Publication year - 1987
Publication title -
biopolymers
Language(s) - English
Resource type - Journals
SCImago Journal Rank - 0.556
H-Index - 125
eISSN - 1097-0282
pISSN - 0006-3525
DOI - 10.1002/bip.360260511
Subject(s) - copolymer , chemistry , monomer , polymer chemistry , valine , polymerization , triethylamine , molar mass distribution , sequence (biology) , reactivity (psychology) , polymer , amino acid , organic chemistry , biochemistry , medicine , alternative medicine , pathology
Statistical copolymers were prepared from N‐carboxyanhydrides of L ‐valine and γ‐benzyl‐ L ‐glutamate in dioxan with triethylamine as an initiator.
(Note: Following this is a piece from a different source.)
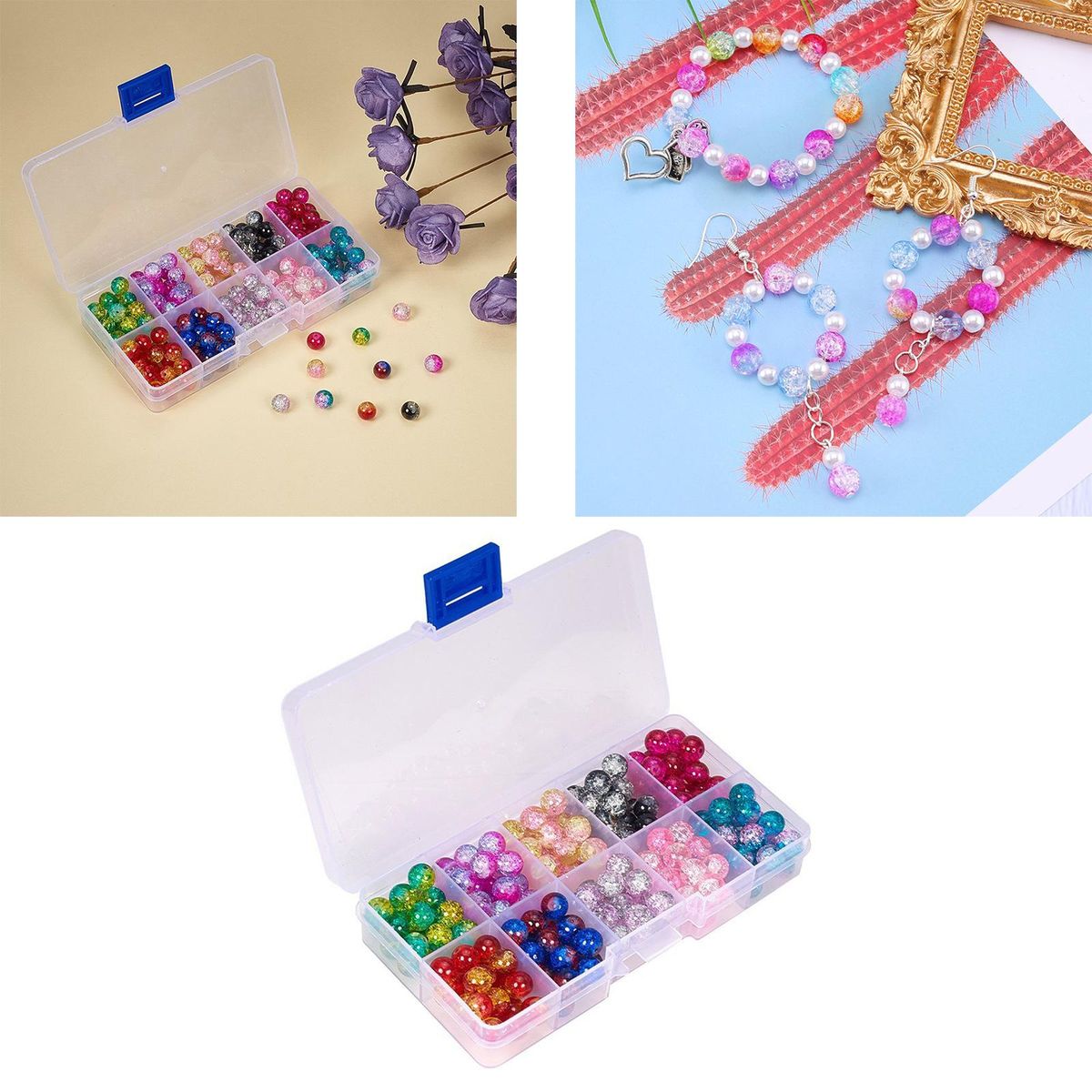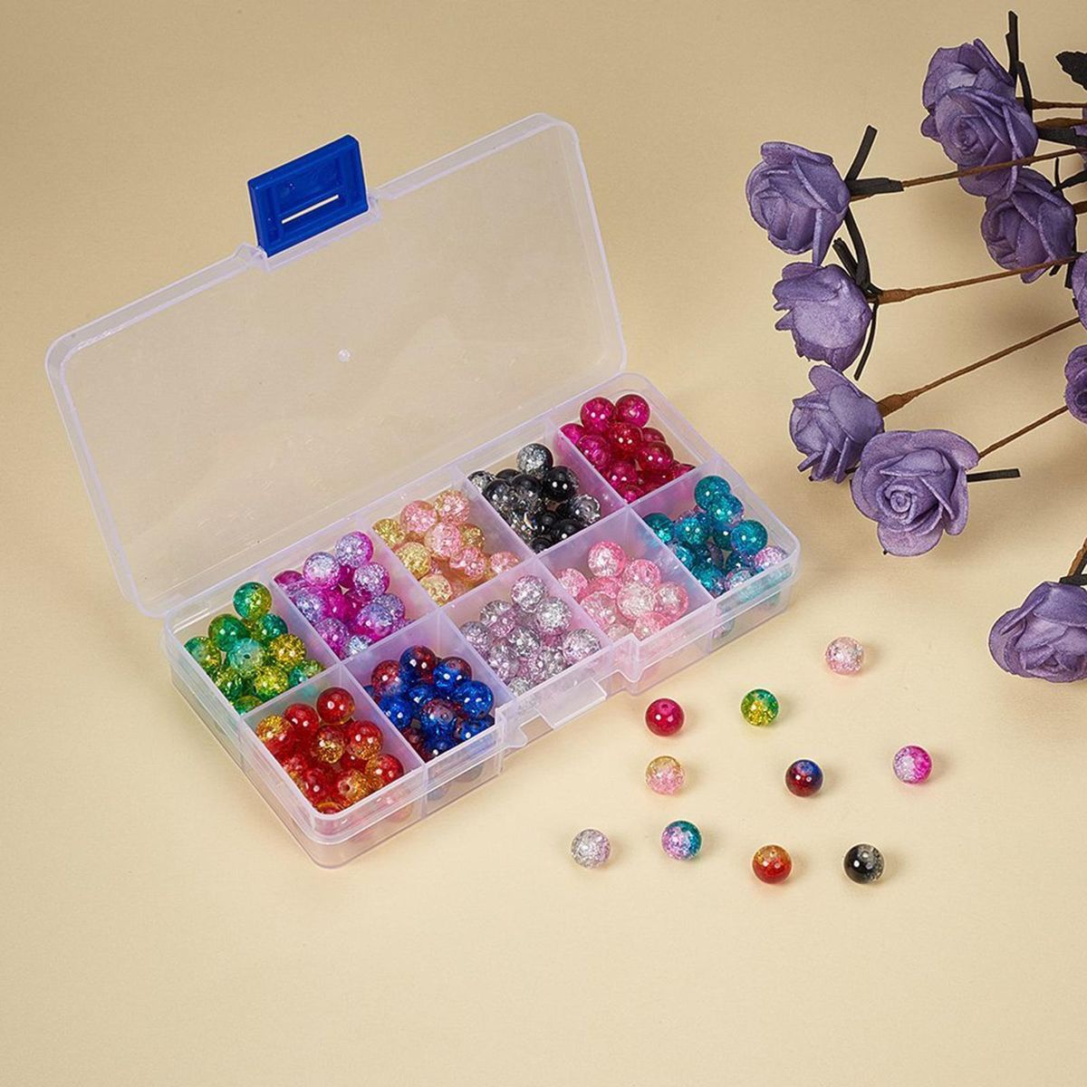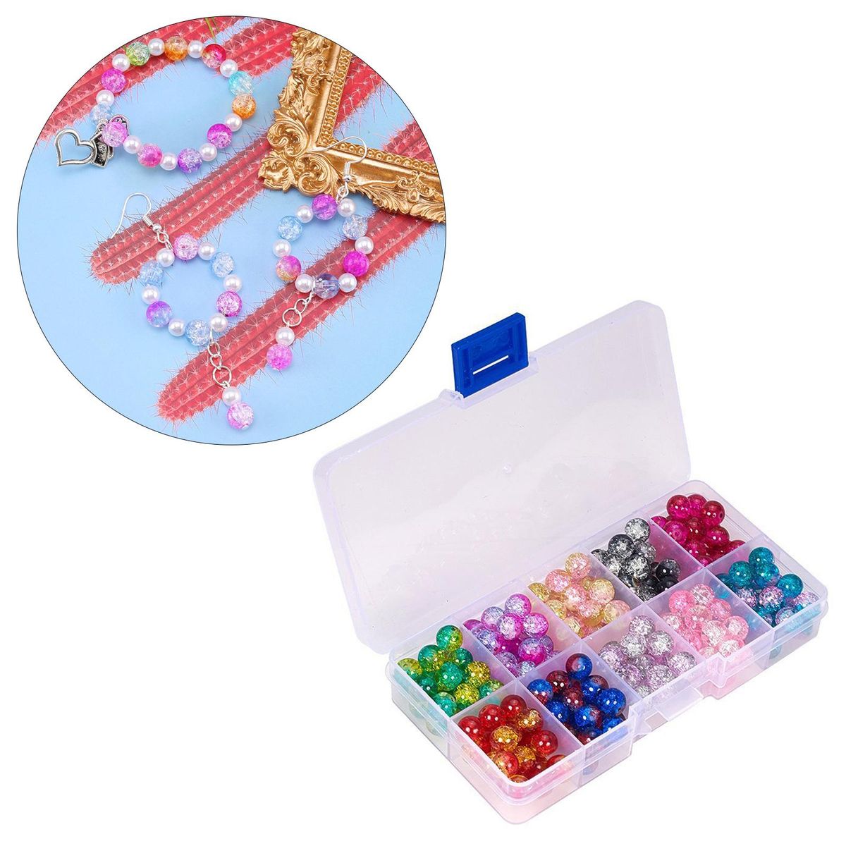 About 200 colorful glass cracked round beads set, hand beaded jewelry accessories, bead bracelet making supplies.Versatile: Glass beads in a variety of colors are great for sparking creativity. These beads can be combined with other styles of beads to DIY some amazing handmade gifts. For beading, beading, embroidery, sewing and other crafts.HIGH QUALITY MATERIAL: Craft glass beads for jewelry making are well made, durable and strong, smooth and in good shape, colorfast and not easy to break.BEST GIFT IDEAS: Crystal gemstones are the perfect gift for everyone, perfect for making bracelets, necklaces, dress decorations, jewelry accessories, earrings, gifts, clothes, shoes, glasses, and more.With storage box: The storage box has 10 compartments with fixed partitions. Each color is in its separate compartment, making it easy to organize all the beads.

The copolymerization conversion was determined by ir spectroscopy, the copolymer composition by amino acid analysis, and the molecular weights by light scattering. The monomer reactivity ratios were found to be r Val = 0.14 and r Glu(OBzl) = 6.4. High‐molecular‐weight copolymers are formed even at low conversions. The content of β‐structure in the copolymers was estimated from the ir spectra in copolymerization mixtures. The sequence‐length distribution of L ‐valine and γ‐benzyl‐ L ‐glutamate copolymers was calculated and its dependence on copolymerization conversion is discussed. Relations between the sequence‐length distribution and the content of β‐structure were studied. It was found that the content of β‐structure in samples with the same composition is different for low‐ and high‐conversion copolymers. The formation of β‐structure in copolymers in the copolymerization mixture requires a certain minimal sequence length, which has been found to be about 6 valine units.